**What this task involves:** Using the records that follow, reproduce exactly the lines starting at the line containing "The last mile" and ending at the line containing "Throughout his life, Robert". Include both end lines and no pictures.

**Dataset extract:**

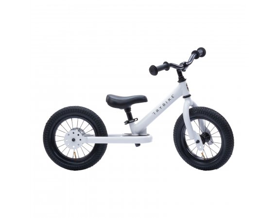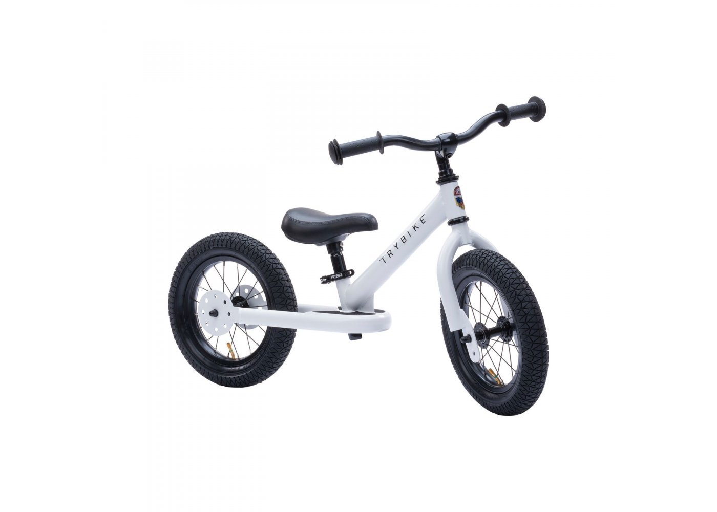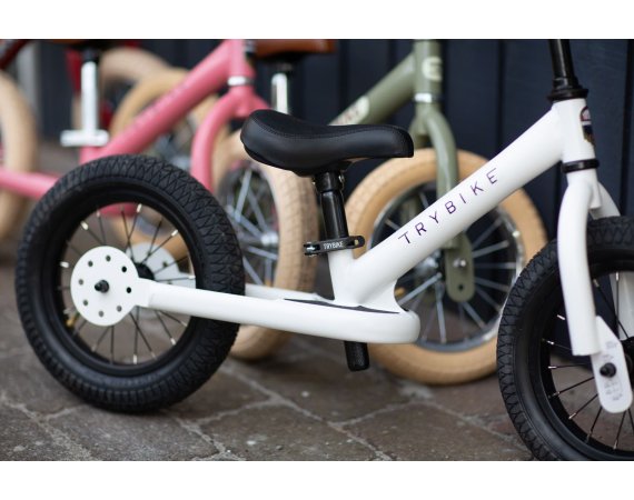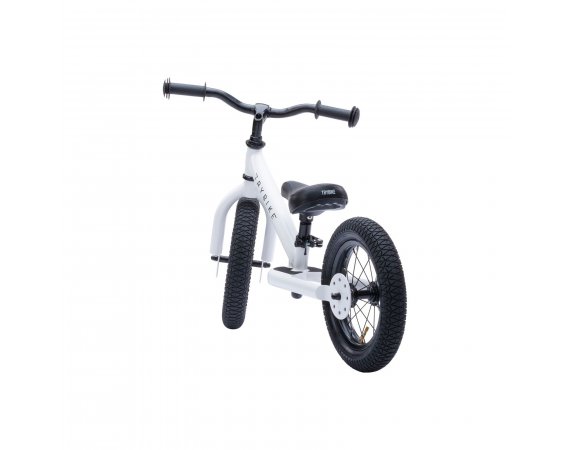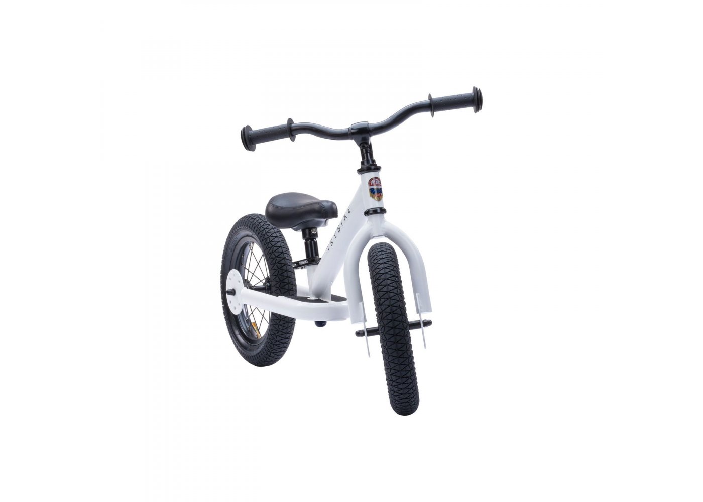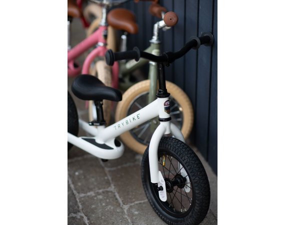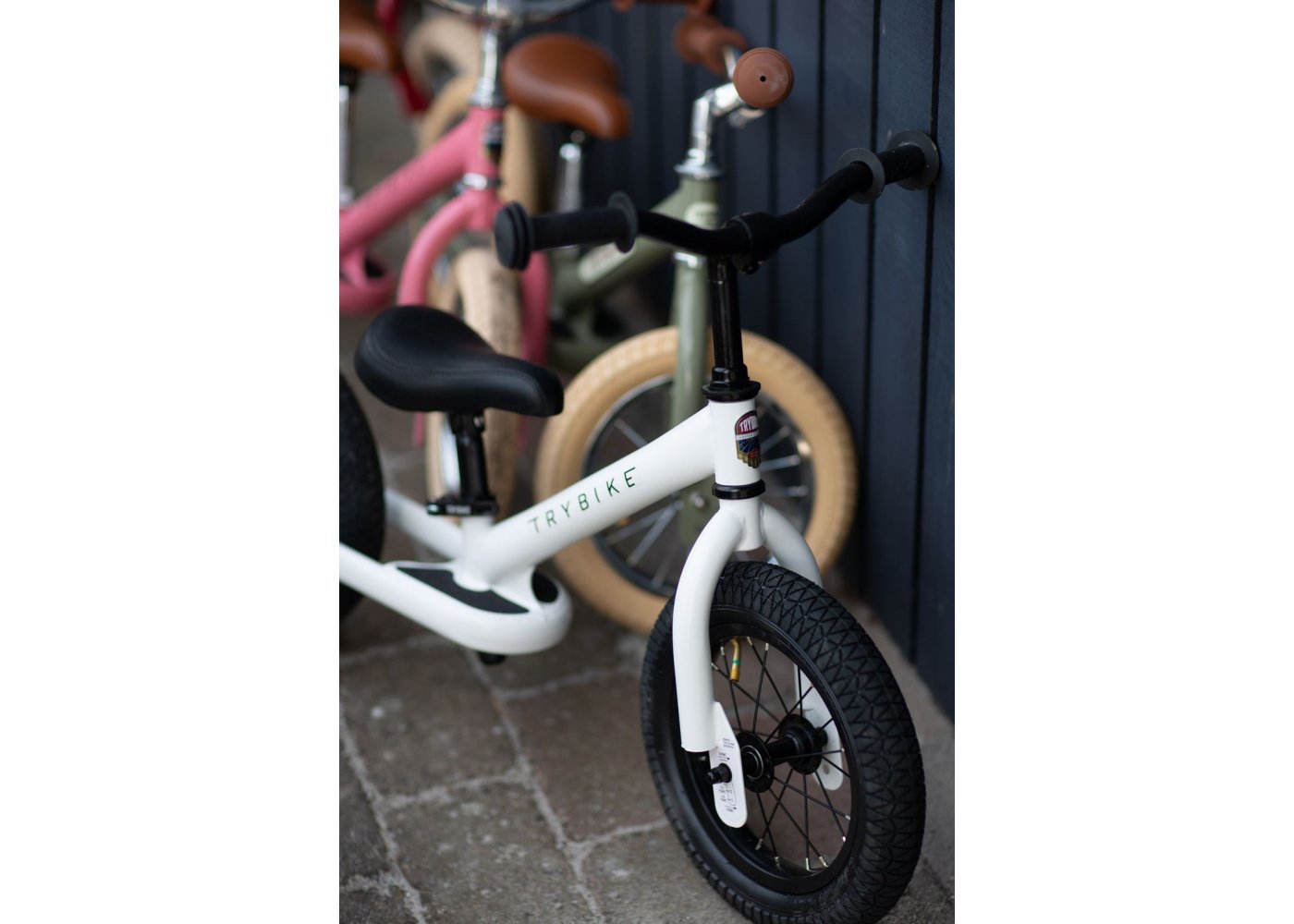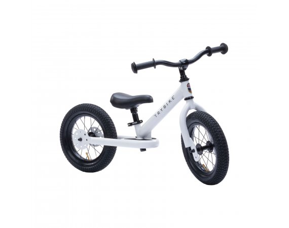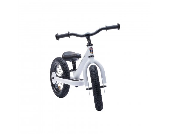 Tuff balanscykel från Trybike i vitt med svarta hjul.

* * *

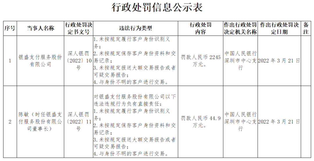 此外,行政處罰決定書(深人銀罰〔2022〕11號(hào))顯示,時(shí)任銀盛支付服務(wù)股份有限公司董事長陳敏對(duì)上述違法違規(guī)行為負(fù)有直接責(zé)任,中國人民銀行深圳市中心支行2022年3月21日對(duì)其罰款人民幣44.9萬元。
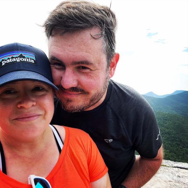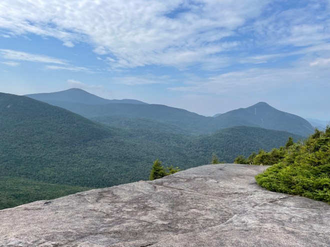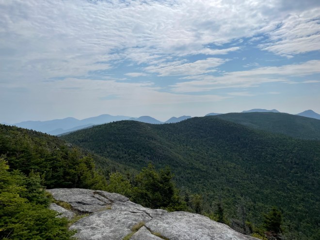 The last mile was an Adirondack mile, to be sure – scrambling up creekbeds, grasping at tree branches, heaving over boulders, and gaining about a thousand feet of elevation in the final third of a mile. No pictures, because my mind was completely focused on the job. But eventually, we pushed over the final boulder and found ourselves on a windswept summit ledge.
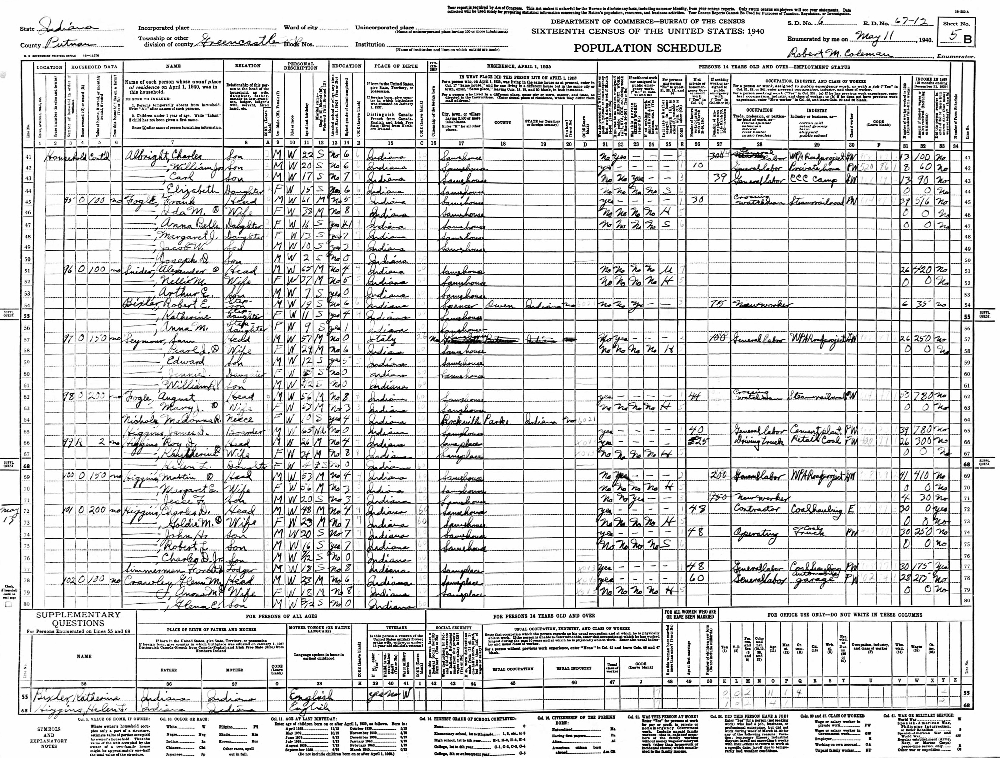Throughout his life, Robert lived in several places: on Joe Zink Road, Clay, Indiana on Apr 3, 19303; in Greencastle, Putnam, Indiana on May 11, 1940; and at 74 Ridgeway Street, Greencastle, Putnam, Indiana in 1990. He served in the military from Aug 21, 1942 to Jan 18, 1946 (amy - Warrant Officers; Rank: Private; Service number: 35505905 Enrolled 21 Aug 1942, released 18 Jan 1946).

**Exercise result:**
 The last mile was an Adirondack mile, to be sure – scrambling up creekbeds, grasping at tree branches, heaving over boulders, and gaining about a thousand feet of elevation in the final third of a mile. No pictures, because my mind was completely focused on the job. But eventually, we pushed over the final boulder and found ourselves on a windswept summit ledge.
Throughout his life, Robert lived in several places: on Joe Zink Road, Clay, Indiana on Apr 3, 19303; in Greencastle, Putnam, Indiana on May 11, 1940; and at 74 Ridgeway Street, Greencastle, Putnam, Indiana in 1990. He served in the military from Aug 21, 1942 to Jan 18, 1946 (amy - Warrant Officers; Rank: Private; Service number: 35505905 Enrolled 21 Aug 1942, released 18 Jan 1946).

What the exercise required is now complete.